Conodoguinet Creek is a 104 mi tributary of the Susquehanna River in South central Pennsylvania in the United States. The name is Native American, and means "A Long Way with Many Bends".

Conodoguinet Creek joins the Susquehanna River upstream of Harrisburg.

The headwaters for the Conodoguinet lie within the Fort Loudon, PA State Game Lands just East of Cowan's Gap State Park and McConnellsburg, PA. The Creek flows in a northerly direction through several State Games lands before emptying into the LetterKenny Reservoir near Roxbury, PA. From the reservoir, the Creek flows generally East passing Newville, Carlisle, and Mechanicsburg before terminating as it empties into the Susquehanna River.

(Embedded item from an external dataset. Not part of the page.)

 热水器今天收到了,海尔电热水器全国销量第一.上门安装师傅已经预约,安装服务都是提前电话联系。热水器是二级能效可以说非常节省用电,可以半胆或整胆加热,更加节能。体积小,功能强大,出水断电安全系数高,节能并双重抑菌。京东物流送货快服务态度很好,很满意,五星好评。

The water divide between Conodoguinet Creek and Conococheague Creek is sometimes used as the boundary between the Hagerstown Valley and the Cumberland Valley. It flows past many mills, including Maclay's Mill. The Appalachian Trail crosses the creek near Carlisle.

==Bridges==
- The Ramp Covered Bridge crosses Conodoguinet Creek at Hopewell Township in Cumberland County, Pennsylvania.

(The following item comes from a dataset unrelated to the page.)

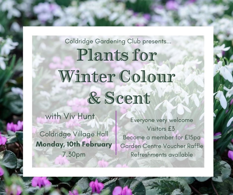 Our next regular Gardening Club meeting will feature a special talk entitled “Winter Colour & Scented Plants” delivered by our very own Viv Hunt.

- There were formerly four more wooden covered bridges over the creek, but two were destroyed by storms ("Good Hope Mill" and "Watts Bridge") and the other three ("Erb's," "Orr's," and "Oyster Mill") were replaced by modern concrete bridges after they became so old as to be unreliable. Watts Bridge, near Creekside, the home of Frederick Watts, was also replaced by a concrete structure in the 1980s-90s; the Good Hope Mill bridge was never replaced after its destruction.

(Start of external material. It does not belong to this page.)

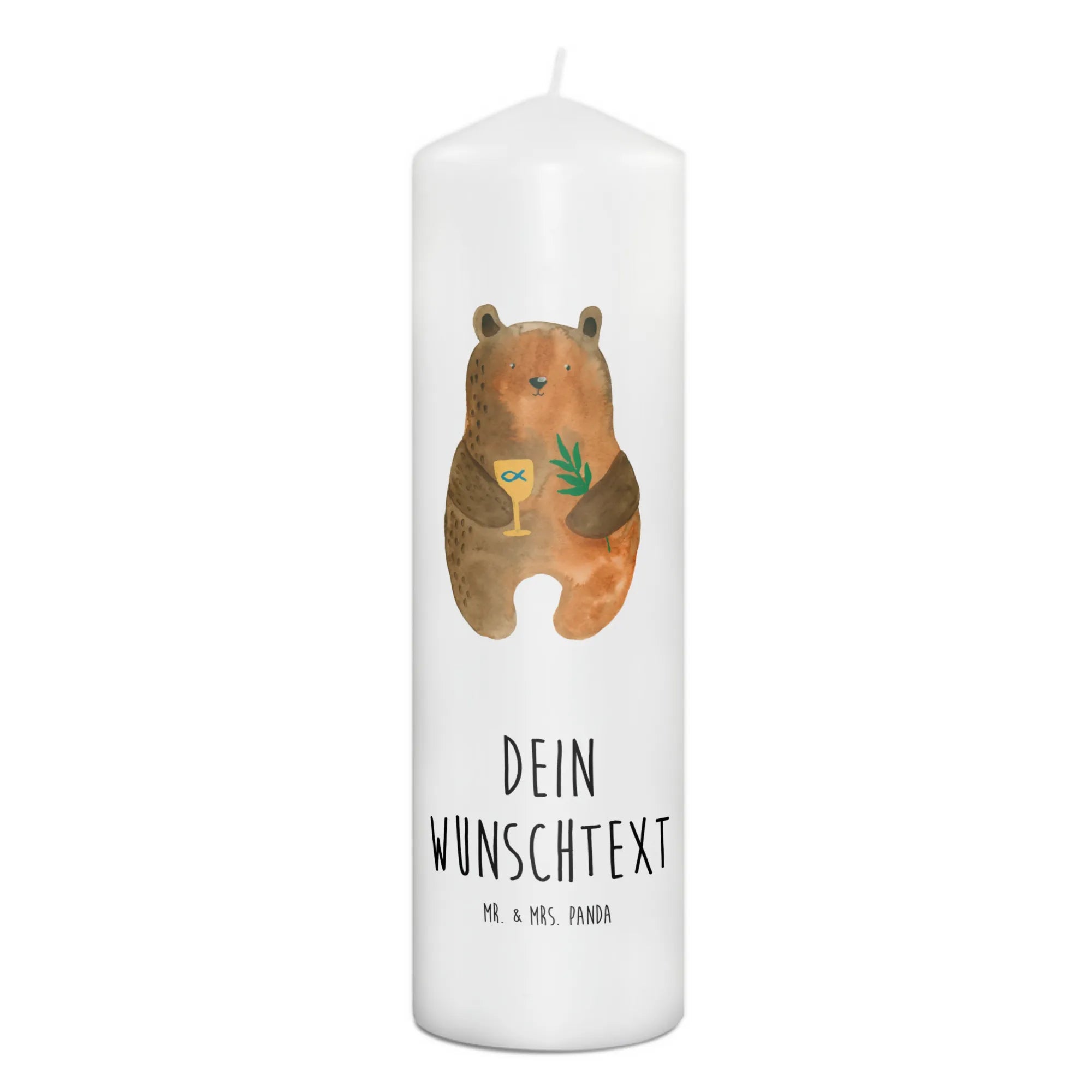 Diese personalisierte Kerze aus der Kollektion Bär von Mr. & Mrs. Panda ist das perfekte Geschenk für jeden, der eine Konfirmation feiert. Mit ihrem niedlichen Motiv des Konfirmation-Bären, der einen goldenen Kelch und einen Zweig in der Hand hält, bringt sie Freude und Feierlichkeit in jeden Gottesdienst.

- Wolfs Bridge, a steel truss bridge in Middlesex Township, in Cumberland County, crosses the Conodoguinet Creek near Schlusser. It failed inspection in 2013, and a concrete replacement bridge will be completed in late 2020 or early 2021.
- Silver Spring Bridge, Silver Spring Township, Cumberland County, Pennsylvania was a covered bridge destroyed by the flood from Hurricane Agnes, June 1972. The new bridge, on Rich Valley Road, had already been in use for most traffic.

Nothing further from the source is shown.